3. Shri Dalip Singh argued that the crates were not merely used for transportation of the aerated waters to the market but were used in all stages of the manufacture inside the factory. He referred to and relied upon the order-in-appeal dated 11-5-1994 passed by the Commissioner in which it was held that plastic crates were eligible inputs for Modvat credit. Referring to Notification No. 36/95-C.E./ante, dated 17-11-1995, Shri Dalip Singh claimed that this notification specifically excluded crates and glass bottles used for aerated water. It must therefore, be argued that before such specific inclusion, these goods qualifies as inputs. He also cited various judgments of the Tribunal and of the courts in support of his arguments.

4. Shri Kilaniya, Ld.
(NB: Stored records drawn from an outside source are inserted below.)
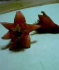 見えにくいけどざくろの花なのです。 保育園では秋になるとざくろの実がなって 園庭のあちこちにぷちぷちとちぎってたべるこどもがいます。 私も欲しい、と毎年思っているのだけど・・・。 だって買うと高いんだもん。 今年はおうちにも持って帰ってね、と長男にお願いしました。
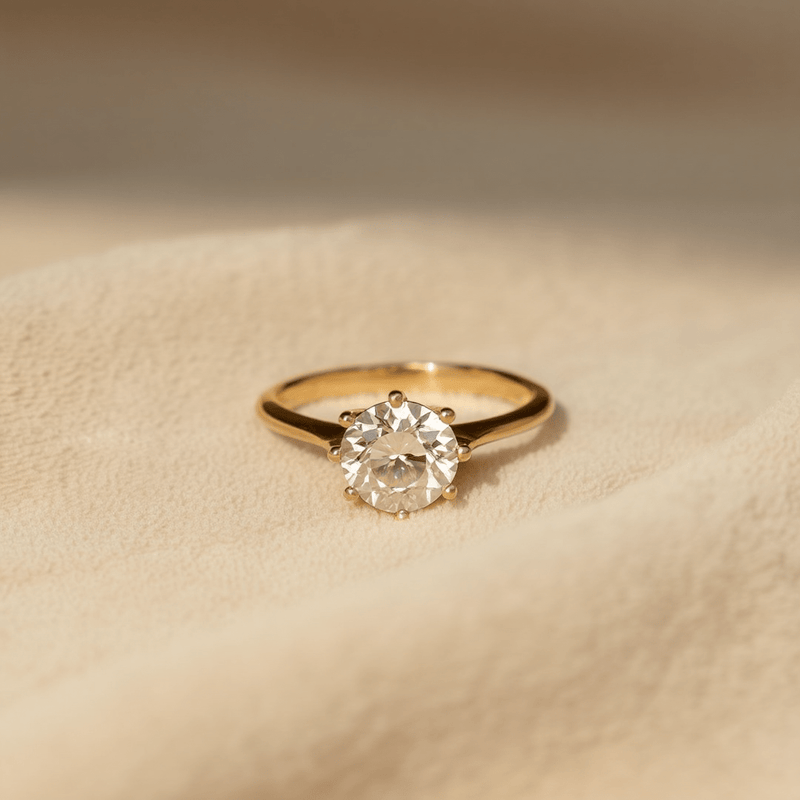 Solitaire Ring in 19k Gold with Zircon supported by eight claws – Elegance with Royalty
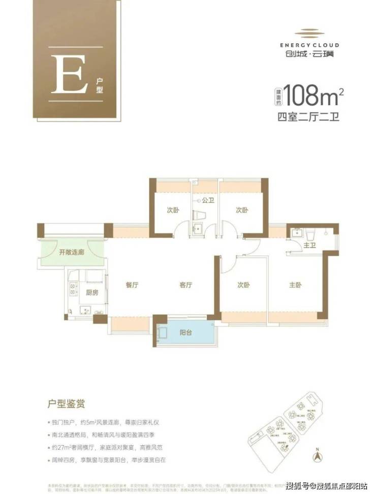108m²的4房2厅2卫,仅2栋4单元03户型才有,进门赠送5.34m²的入户玄关,设计的是横厅南北通透格局,客餐厅5.9米开间,全屋8面飘窗,分别做到了主卧13.73m²/次卧9.53m²/次卧7.47m²/次卧5.75m²(包含墙体飘窗),U型厨房,卫生间干湿分离,得房率74.4%(不加赠送),套内面积80.32m²,阳台东南朝向。
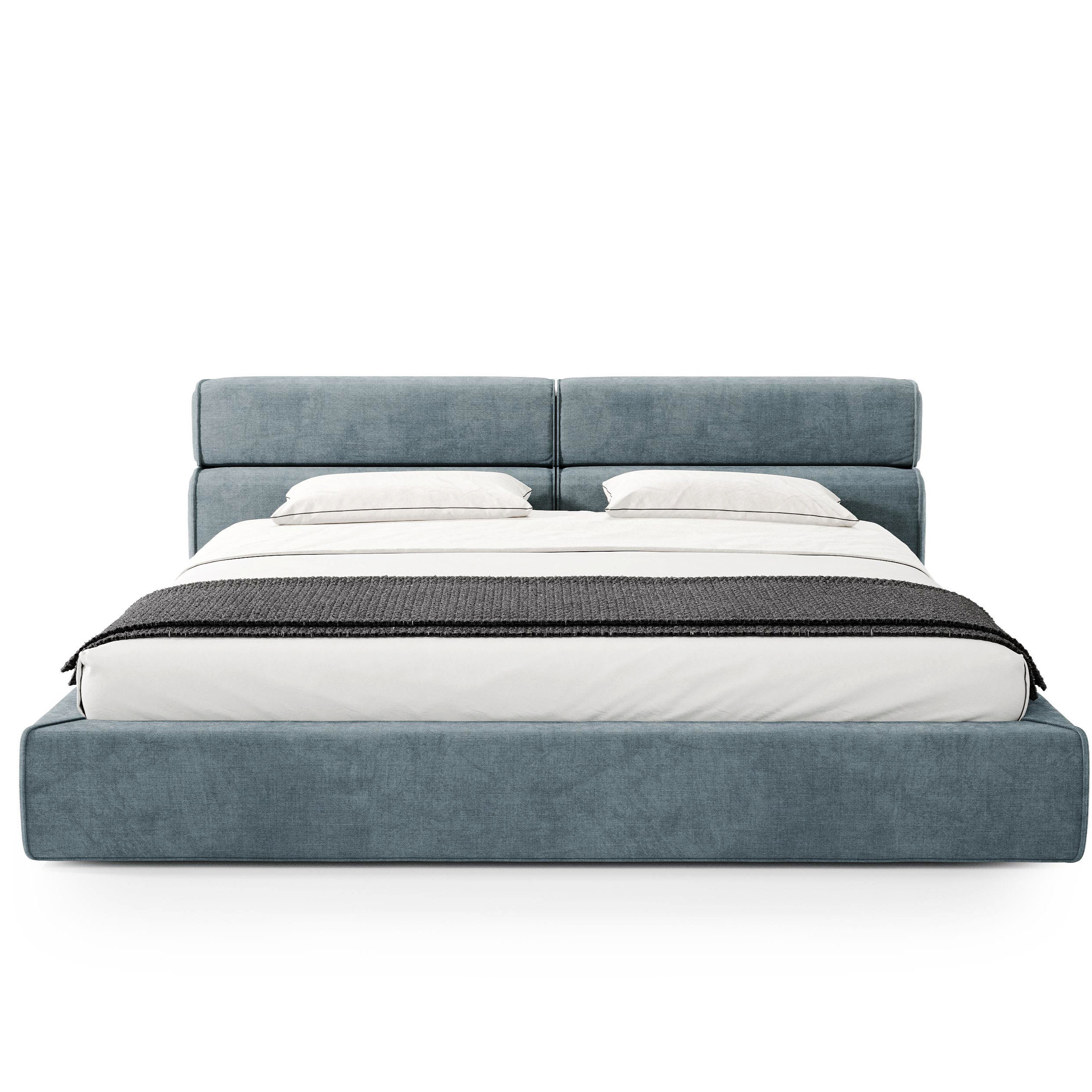 Мягкое изголовье кровати выполнено из прямоугольных блоков обтекаемой формы с эффектом «каскада». Продуманная до мелочей эргономика позволяет максимально удобно расположиться на кровати в любом положении.
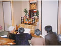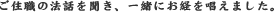 ご住職と一緒にお仏壇の前でお経を唱えました。
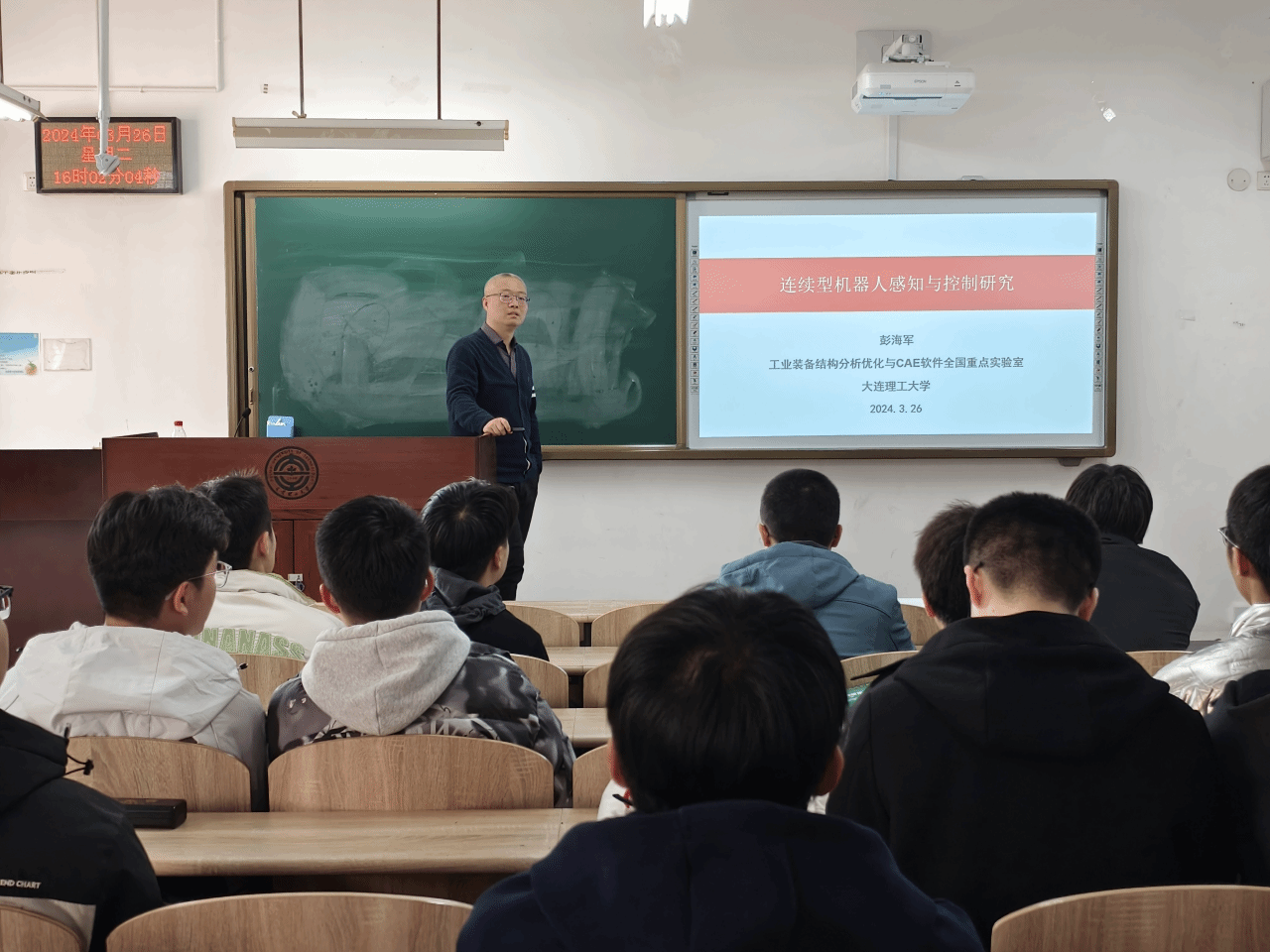 接着,彭海军教授为大家带来了主题为“连续型机器人感知与控制研究”的科普分享。在分享中,彭老师以背景为引,谈到“机器人是‘制造业皇冠顶端的明珠’其研发、制造、应用是衡量一个国家科技创新和高端制造业水平的重要标志”。继而讲到创新思路与科研实践,谈到“科研的目标是探索未知,解决问题,推动科学的发展。创新思路能够帮助科研人员突破传统思维模式,开辟新的研究方向,提出新的假设和理论,从而推动科学的进步”。最终,以创新成果展示收尾,为同学们带来了一场精彩绝伦的科研分享,也让同学们意识到发展新质生产力以及未来产业的重要性!

JDR claimed that the subject notification was isued in 1995 and had no bearing on the facts of the case where the order was passed in 1993. He claimed that crates could not be called the inputs in the manufacture of aerated waters. They were meant only for carriage of finished articles. He further claimed that the value of the crates was high when compared with the value of the finished articles. Modvat if made permissible on crates would result in higher outgo for the government.

5. Countering wth the argument of Shri Dalip Singh that the value of the crates was proportionally distributed over the value of the bottles containing aerated waters, he claimed that the judgment in the case of Jay Engineering Works as reported in 1989 (39) E.L.T. 169 should be the guiding judgment in this area.

6. We have carefully considered the arguments advanced by both the sides and have perused the various materials placed before us.

8. The term inputs has been amplified in the explanation to Rule 57 A. The extended definition includes “packaging materials”. The issue here is whether the crates which are fully finished articles and goods known in the market as such would qualify under the terminology “packaging material”.

9. The various citations made by the Ld. Counsel in so far as they define packaging material seem to go against his case. In the judgment in regard to Ponds India Ltd. Madras High Court, 1993 (63) E.L.T. 3 (Mad.), the Madras High Court has distinguished between the packaging material on one hand and packages or containers on the other. In the judgment, the judgment of the Tribunal in case of F.D.C. Ltd. reported in 1991 (55) E.L.T. 601 (Tribunal) has been cited. The relevant portion reads as under :-

“If the intention was only to permit ready to use containers such as boxes or bottles, then the term used would have been ‘package or container’. In the absence of any such restrictive meaning provided, the term ‘Packaging material’ has to be interpreted as such and cannot be interpreted in the restricted manner”.

10. Packaging materials are starting points for manufacture of boxes or containers. As such a wider purport cannot be given this term. It is clear that the crates which are the containers for transportation did not fall within the ambit of packaging material and as such would not qualify for the benefit of modvat credit.

11. We have carefully considered the submissions that a specific exclusion was made for crates and glass bottles only vide the notification dated 17-11-1995 and therefore its inclusion during the period prior to this inclusion would be (sic) We observe that crates did not ever qualify as inputs within the definition given under Rule 57A. This argument, therefore, is available to the assessee.

12. The issue of the admissibility as such having been so decided, there is no need to go into the issue as to whether value of the crate was taken into account for determining the assessable value of the aerated water or not.

13. In the result, the appeal fails and is rejected.